Portrait von Saida Mirsadri

Truth, Trust, and Demo­cracy | Saida Mirsadri (University of Bonn)

When Neutrality Hides a History: Epistemic Roots of Public Reason and the Role of Comparative Theology

16.45 - 18.15 | Seminarraum VI (Theologie) | Karl-Rahner-Platz 3

19. 11. 2025
16.45 - 18.15
Seminarraum VI (Theologie) | Karl-Rahner-Platz 3, 1. Stock

 

Public reason — an important foundation in many liberal and deliberative theories of democracy — commonly presents itself as epistemically neutral, yet its categories, vocabularies, and institutions are historically entangled with European (including Christian and colonial) formations. This lecture argues that the pretense of neutrality masks particular epistemic commitments that systematically exclude non-European and religious ways of knowing, producing testimonial, hermeneutical, and contributory harms that weaken democratic deliberation. I analyse the mechanisms by which institutions read and regulate embodied difference and show how these processes narrow the repertoire of public reasons. Finally, I propose a scholarly response: comparative theology understood as a reflexive, translational, and co-theoretical method that preserves epistemic density while making religiously situated reasons intelligible in public discourse — thereby helping pluralise public reason and strengthen democratic legitimacy.

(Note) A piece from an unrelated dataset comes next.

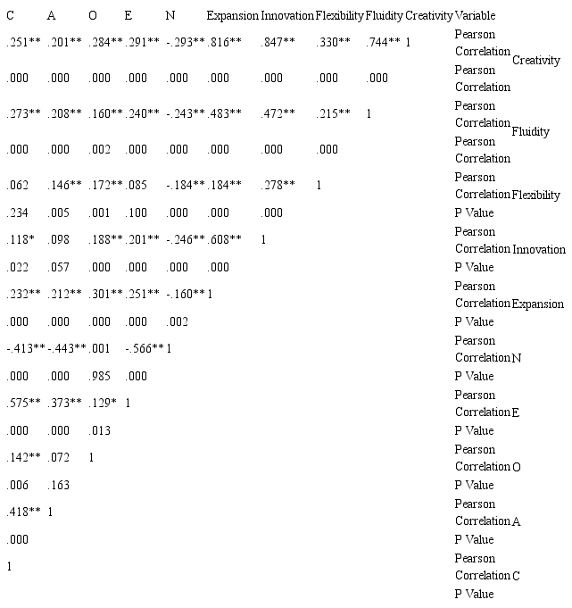 According to table 3: the correlation between Neuroticism and Creativity and its components (fluency, flexibility, innovation, expansion) is significant and respectively - %29.3, - %24.3, - %18.4, - %24.6, - %16. So the correlation between Neuroticism and Creativity and all four of its components is significant and negative. The correlation between Extraversion and Creativity and 3 of its components (fluency, innovation, expansion) is a significant and positive respectively %29.1, %24, %20.1, %25.1 . The correlation between Openness and Creativity and all four of its components (fluency, flexibility, innovation, expansion) is positive and significant and it is respectively is %28.4, %16, %17.2, %18.8, %30.1. The correlation between Agreeableness and Creativity and three of its components included with (fluency, flexibility, and expansion) is positive and significant and it is respectively %20.1, %20.8, %14.6, and % 21.2. The correlation between Conscientiousness and Creativity and to behave with three of its components, including (fluency, innovation, and expansion) is positive and significant and it is respectively %25.1, %27.3, %11.8, %23.2.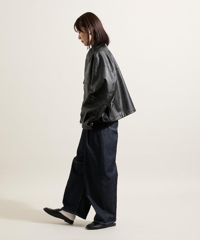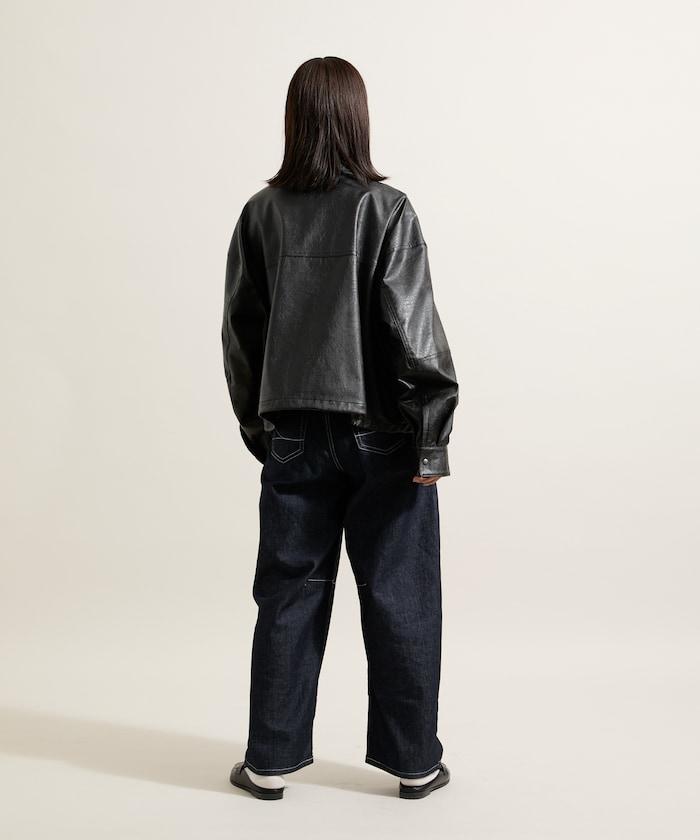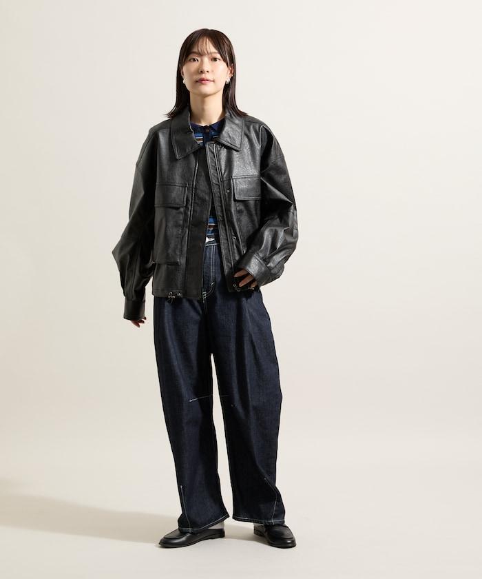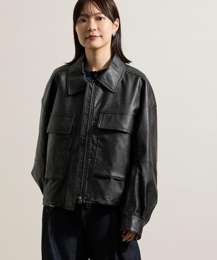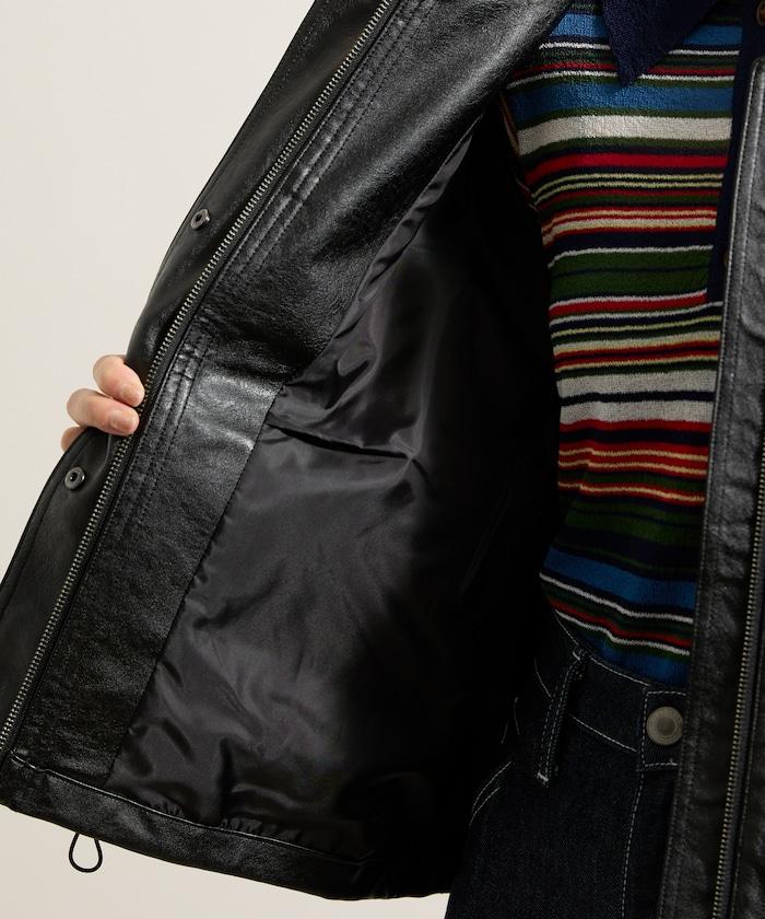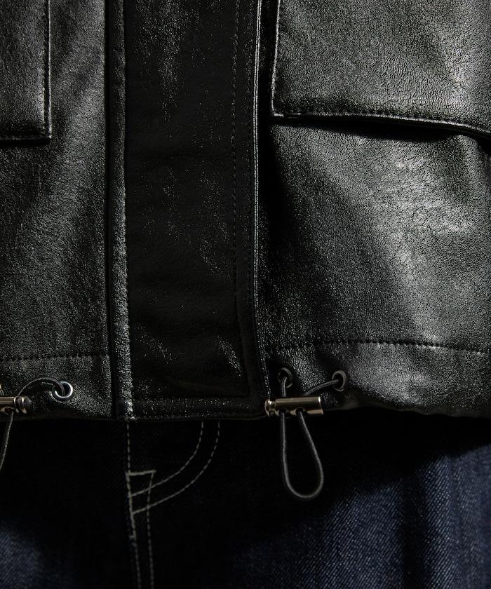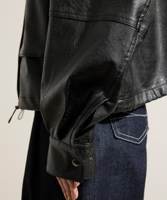 這是一款時髦的短款皮革長罩衫,靈感源自復古服裝中的男士大廓形長罩衫。

Saida Mirsadri is a Research Fellow at the Center for Comparative Theology and Social Issues (CTSI) at the University of Bonn, Germany. She earned both her Master’s and PhD degrees in Philosophy of Religion from the University of Tehran, Iran. Her PhD thesis focused on the problem of evil and the critique of theodicy in the Islamic tradition, aiming to develop an Islamic alternative that is sensitive to theodicy within a process framework. In her current project, she is working on critical epistemology, Islamic process theology, and ecofeminism.